▶ PROVIDED RECORDS
++++++++++++++++++++
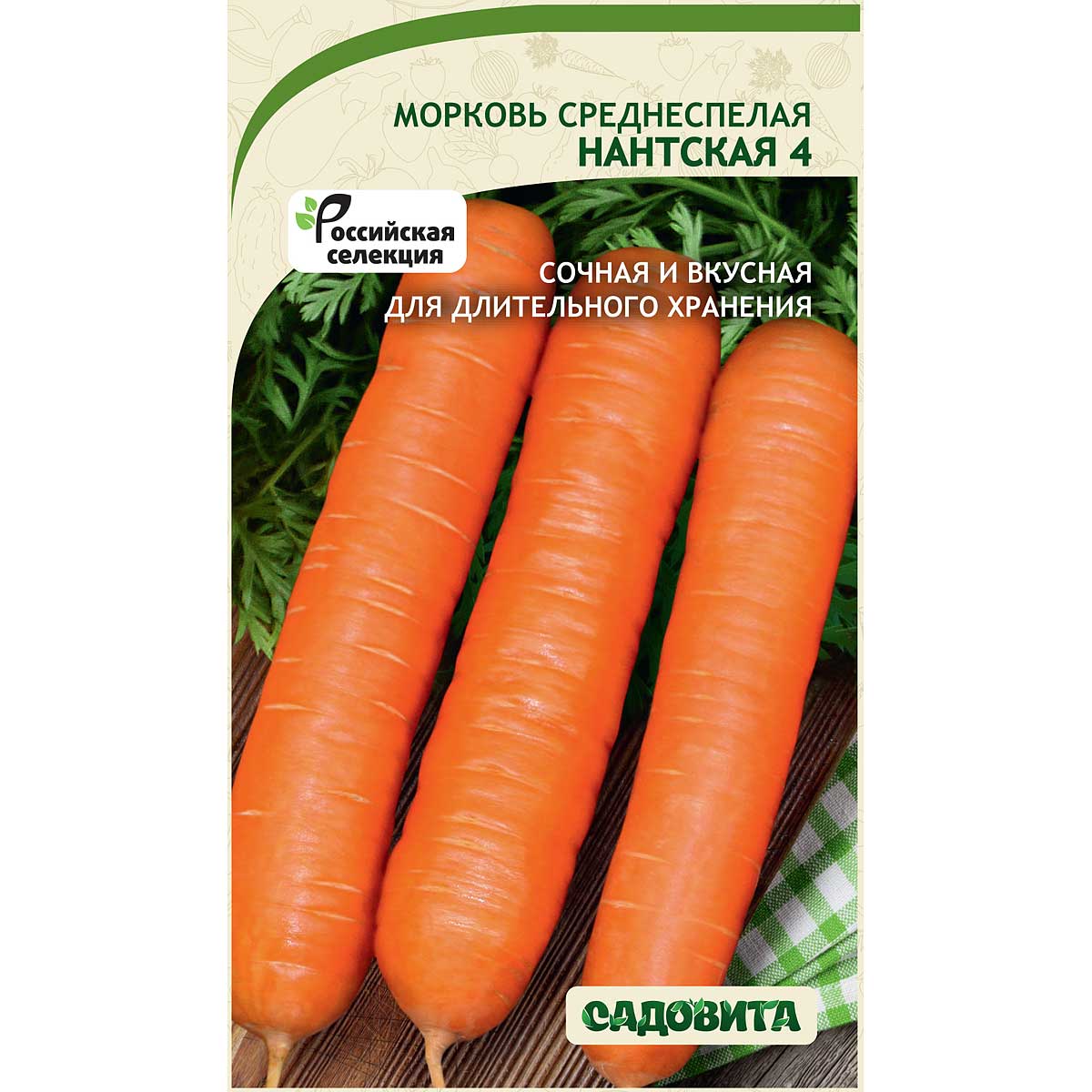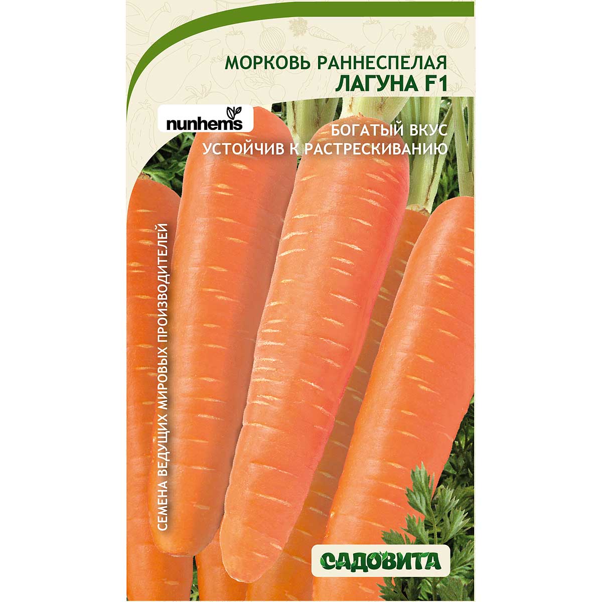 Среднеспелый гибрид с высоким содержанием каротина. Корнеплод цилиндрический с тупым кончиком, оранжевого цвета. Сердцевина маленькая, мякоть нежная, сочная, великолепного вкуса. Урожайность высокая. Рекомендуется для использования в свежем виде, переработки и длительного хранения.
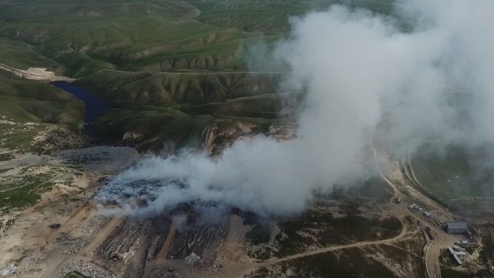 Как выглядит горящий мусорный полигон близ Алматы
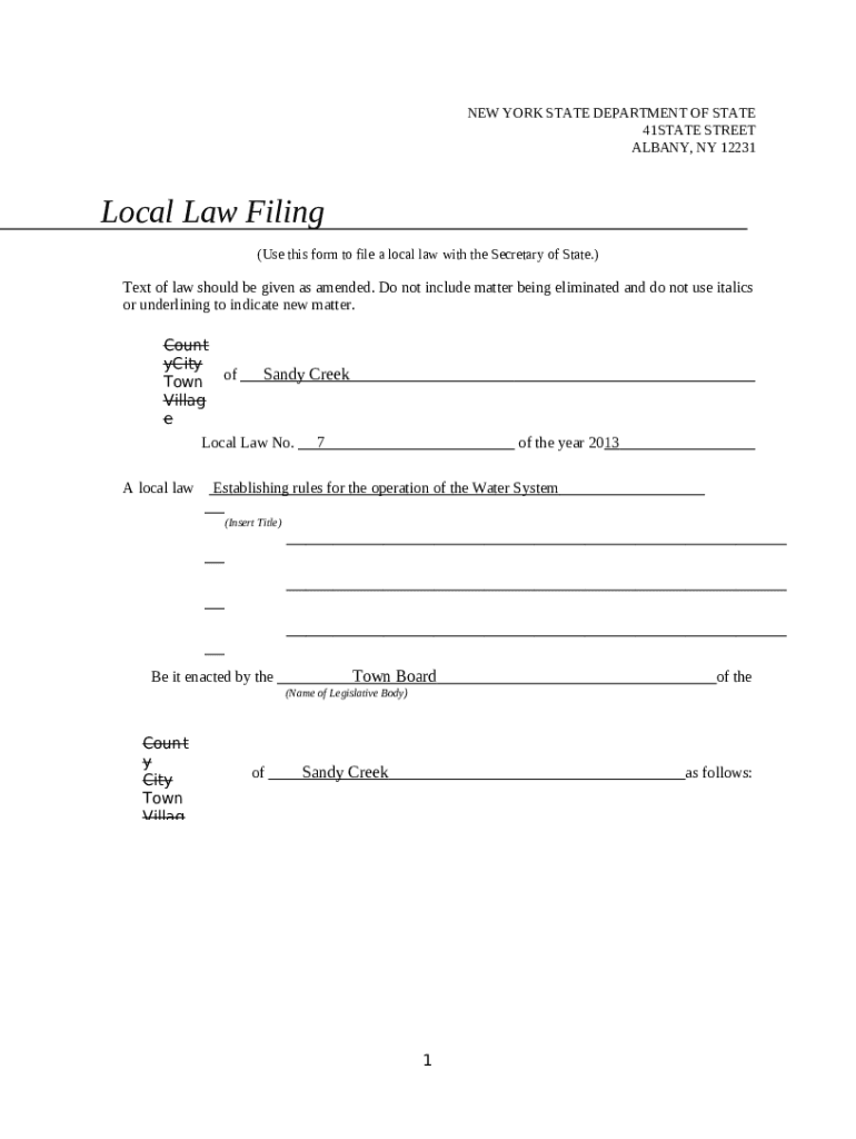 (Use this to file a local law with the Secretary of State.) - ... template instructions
++++++++++++++++++++
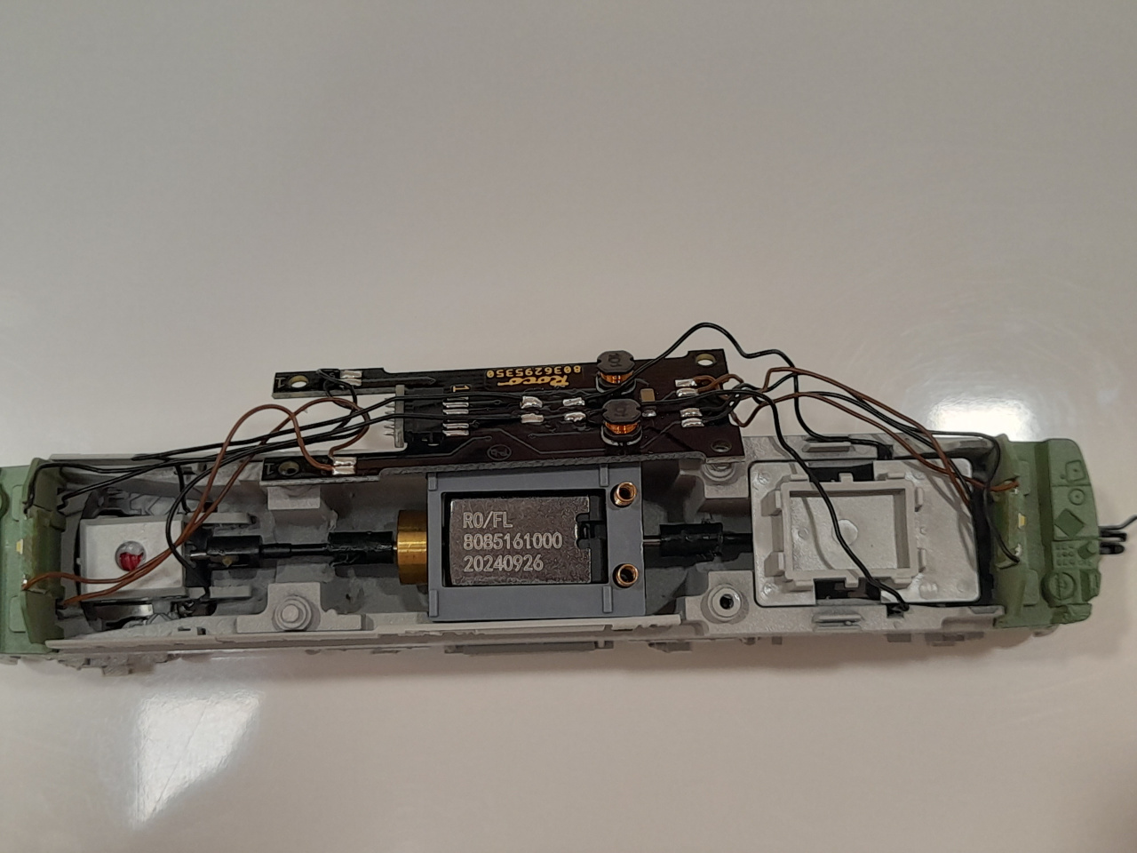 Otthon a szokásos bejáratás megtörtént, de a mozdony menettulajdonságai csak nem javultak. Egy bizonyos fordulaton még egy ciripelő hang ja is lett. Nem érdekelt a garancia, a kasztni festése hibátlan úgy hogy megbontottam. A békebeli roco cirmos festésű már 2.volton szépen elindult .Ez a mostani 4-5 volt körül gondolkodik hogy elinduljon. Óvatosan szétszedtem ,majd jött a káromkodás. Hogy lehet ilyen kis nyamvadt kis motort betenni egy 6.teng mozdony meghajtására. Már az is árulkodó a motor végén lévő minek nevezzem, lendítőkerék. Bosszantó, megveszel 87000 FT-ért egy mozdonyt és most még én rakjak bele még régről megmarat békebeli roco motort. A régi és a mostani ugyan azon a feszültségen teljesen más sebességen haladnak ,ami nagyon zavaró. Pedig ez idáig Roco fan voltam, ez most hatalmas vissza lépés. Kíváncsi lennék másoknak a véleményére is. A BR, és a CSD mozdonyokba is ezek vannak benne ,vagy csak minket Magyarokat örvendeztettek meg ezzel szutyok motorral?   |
++++++++++++++++++++
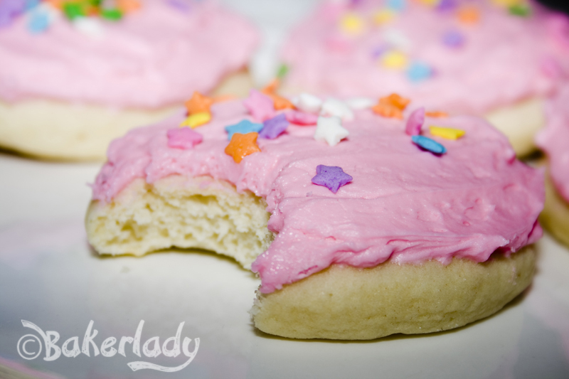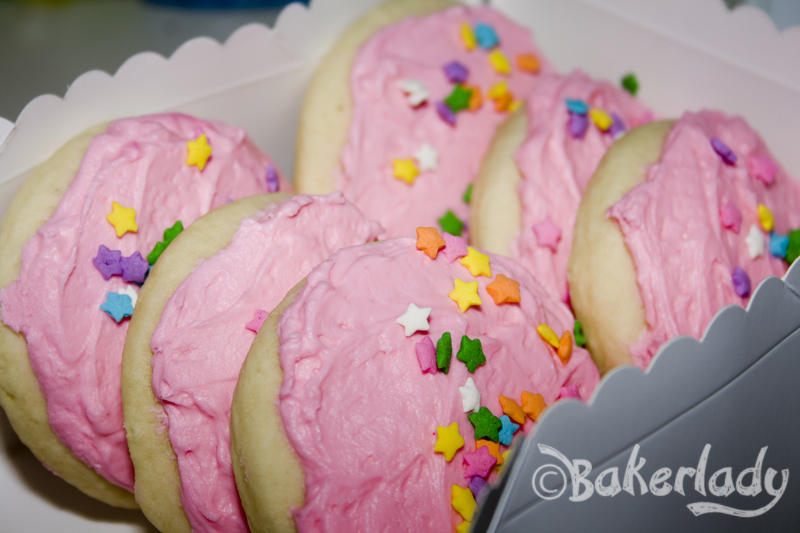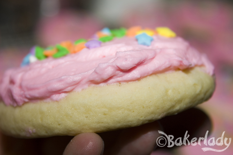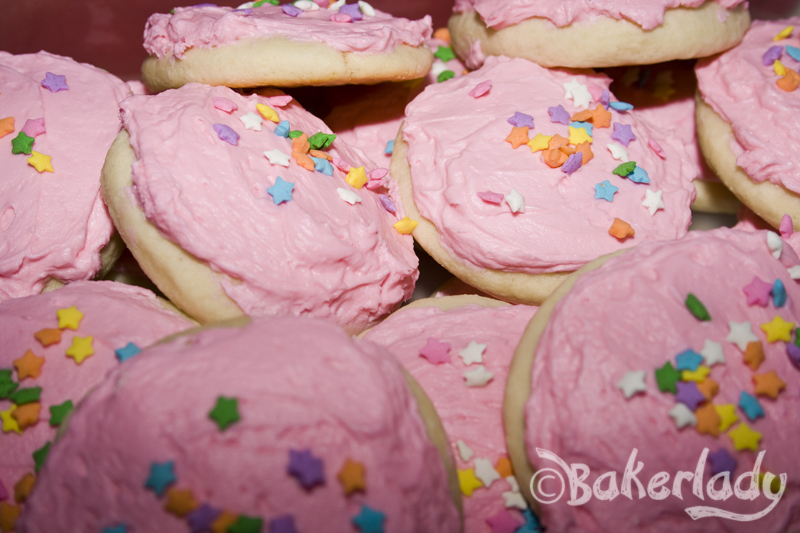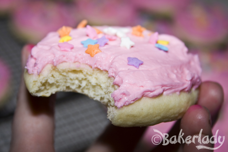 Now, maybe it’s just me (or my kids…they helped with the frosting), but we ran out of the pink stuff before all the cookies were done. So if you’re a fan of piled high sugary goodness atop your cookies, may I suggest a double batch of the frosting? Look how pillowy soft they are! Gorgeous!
++++++++++++++++++++
Retype the lines above exactly as they appear, from the line containing "Среднеспелый гибрид с" through the line containing "(Use this to", and leave out any pictures.

 Среднеспелый гибрид с высоким содержанием каротина. Корнеплод цилиндрический с тупым кончиком, оранжевого цвета. Сердцевина маленькая, мякоть нежная, сочная, великолепного вкуса. Урожайность высокая. Рекомендуется для использования в свежем виде, переработки и длительного хранения.
 Как выглядит горящий мусорный полигон близ Алматы
 (Use this to file a local law with the Secretary of State.) - ... template instructions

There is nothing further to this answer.